Apparently Tesla updated their Autopilot system and I was watching this video showing it off. To me it was like a horror movie.

The narrator is ever so slightly worried about the car straying left into a head on collision. Whatever. But to me, these roads reminded me of the tens of thousands of kms I’ve ridden a bicycle out training and traveling in the rural middle of nowhere. And although city cycling requires plenty of polished steel balls, I feel these almost empty country roads can be the most insidious. There’s often no shoulder (as shown) and a passing/oncoming squeeze happens way too often. My directive "if you can’t pass safely, don’t" (pass) comes from this kind of situation. The fact that I need to telepathically communicate that so often that it has become a personal homily should tell you something.

So how does the Autopilot do at not slaying cyclists? That’s a damn good question. One job I’d be extremely good at is being a sort of stunt rider to find out. If I knew that the car passing me on a test track might be driving like a drunk redneck, I am confident I would be able to dodge it. I’ve bet my life on those skills against bigger morons than Tesla’s software could possibly be. (I’ve even seen commendable videos of Teslas smartly avoiding wild animals, so I’m pretty hopeful.)
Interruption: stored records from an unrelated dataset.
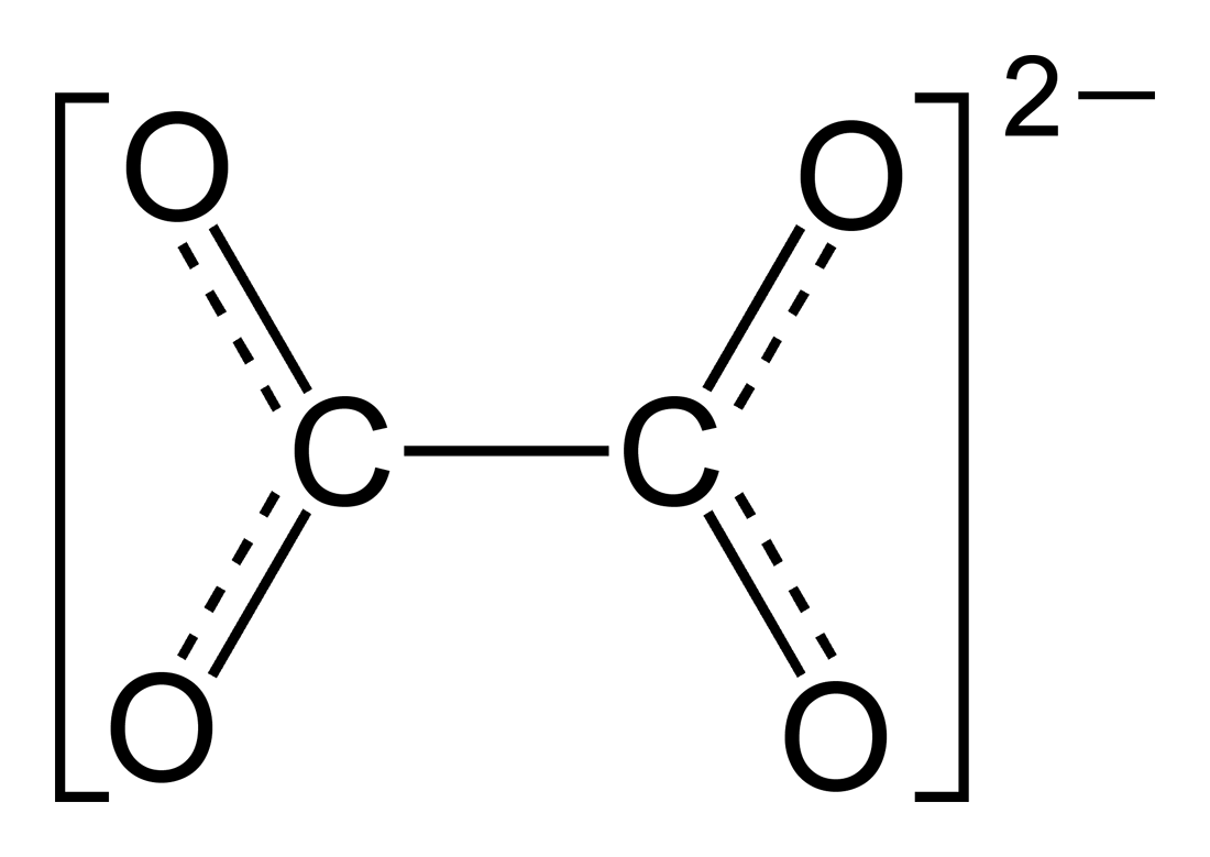 Oxalate anion, structural formula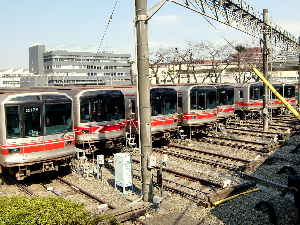 Tokyo Metro's Nakano Depot in Tokyo, Japan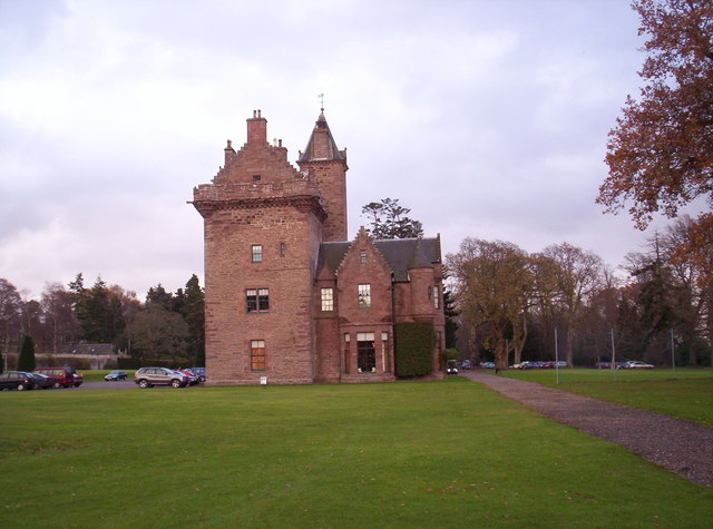 Guthrie Castle, Angus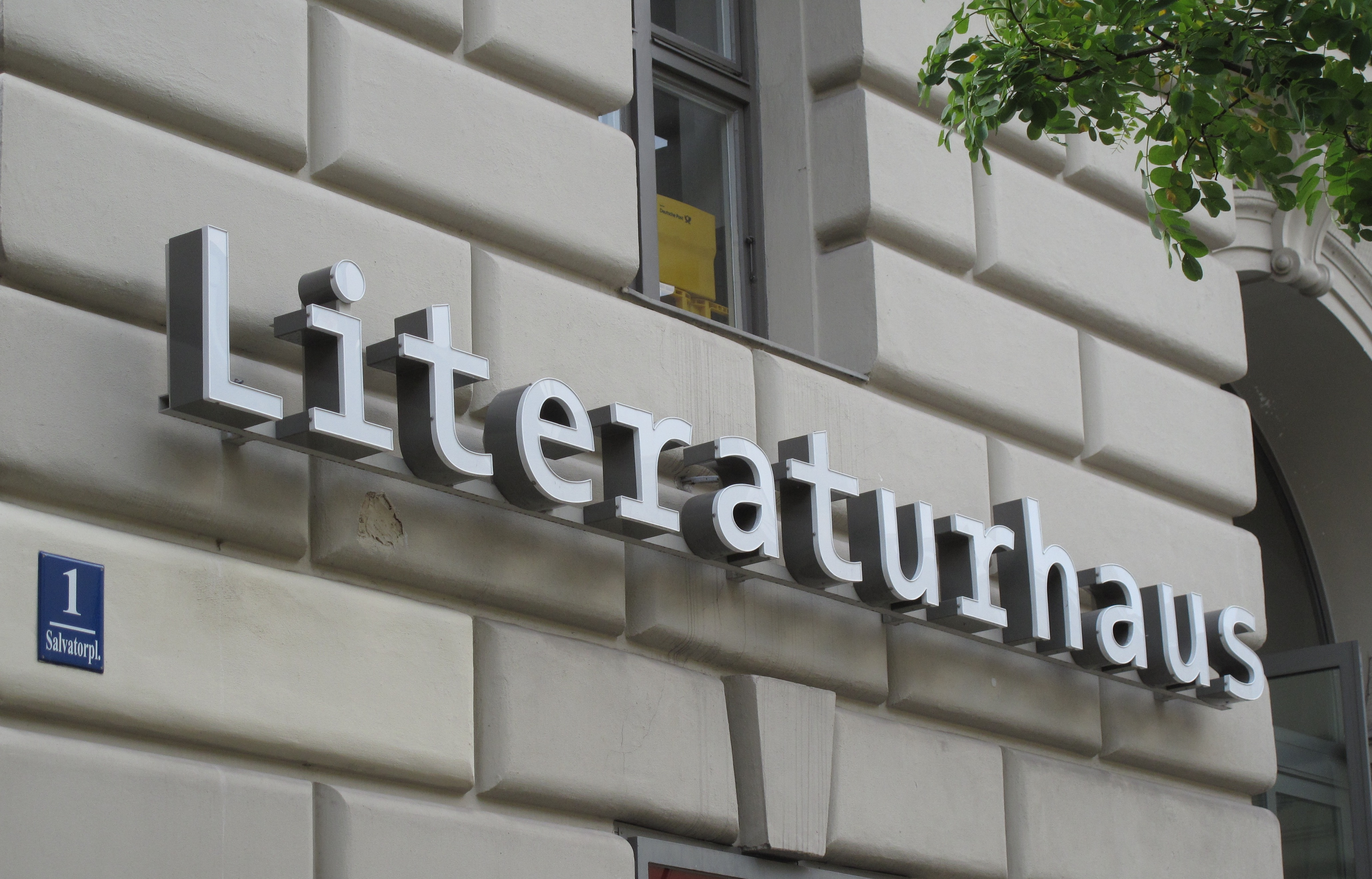 The Literaturhaus (literature house) in Munich at the Salvatorplatz in the city centre.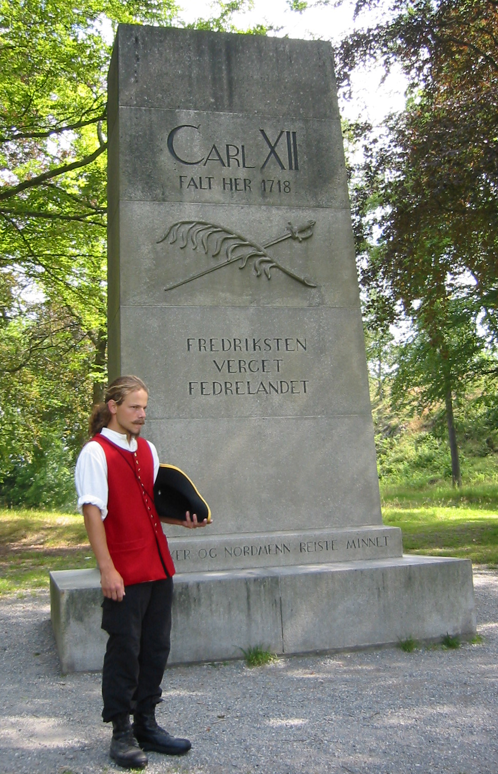 Karl Ⅻ Memorial, Fredriksten fortress, Halden.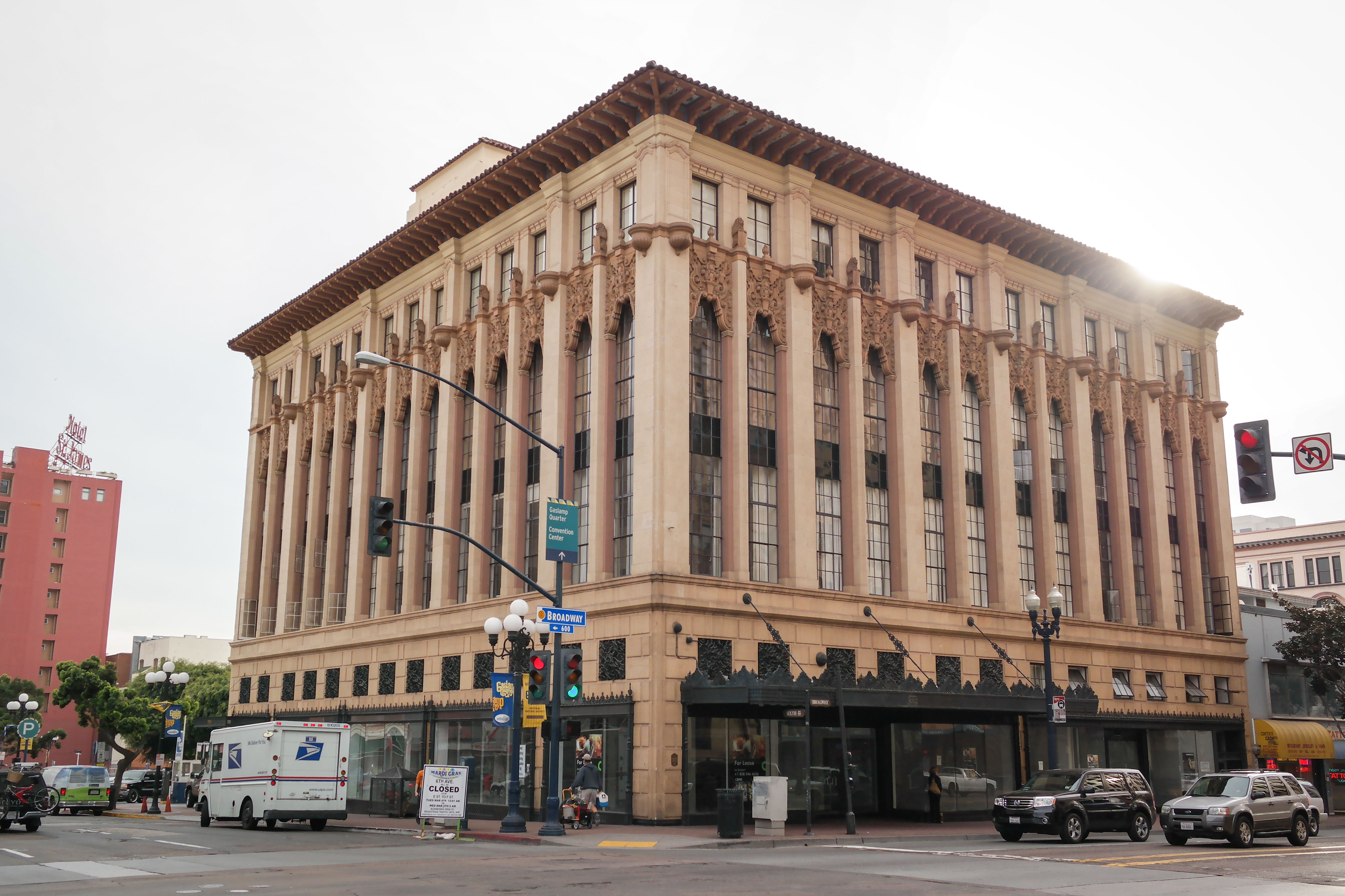 Historic Building Survey plaque: "72 Samuel I. Fox Building, 1929. Entrepreneur Samuel Fox built this four-story structure for a half of a million dollars. It was intended to accommodate his Lion Clothing Company, which was the sole tenant, until 1984. It boasts 16-foot ceilings, antique oak wood paneling, heraldic lions in full relief, and an over-hanging tile roof. The building was recognized as an artistic masterpiece and a merchandising success."

After a lot of research I have discovered quite a few psychological tricks to use a driver’s car-induced torpor to bend them to my will. For example, one of the most effective is to feign drunkenness. At a certain Doppler pitch, especially in the pick-up truck register, it’s often good to weave stupidly into the road, the cycling equivalent of a stumble. This is anything but stupid; it is coldly calculated to move the car like a border collie moves sheep. I would love to try that out on an auto-piloted Tesla. If Tesla needs a fearless matador to fight their cars, they now know whom to call.

UPDATE 2017-10-13 -


Yes, this job does exist! And I would be very good at it.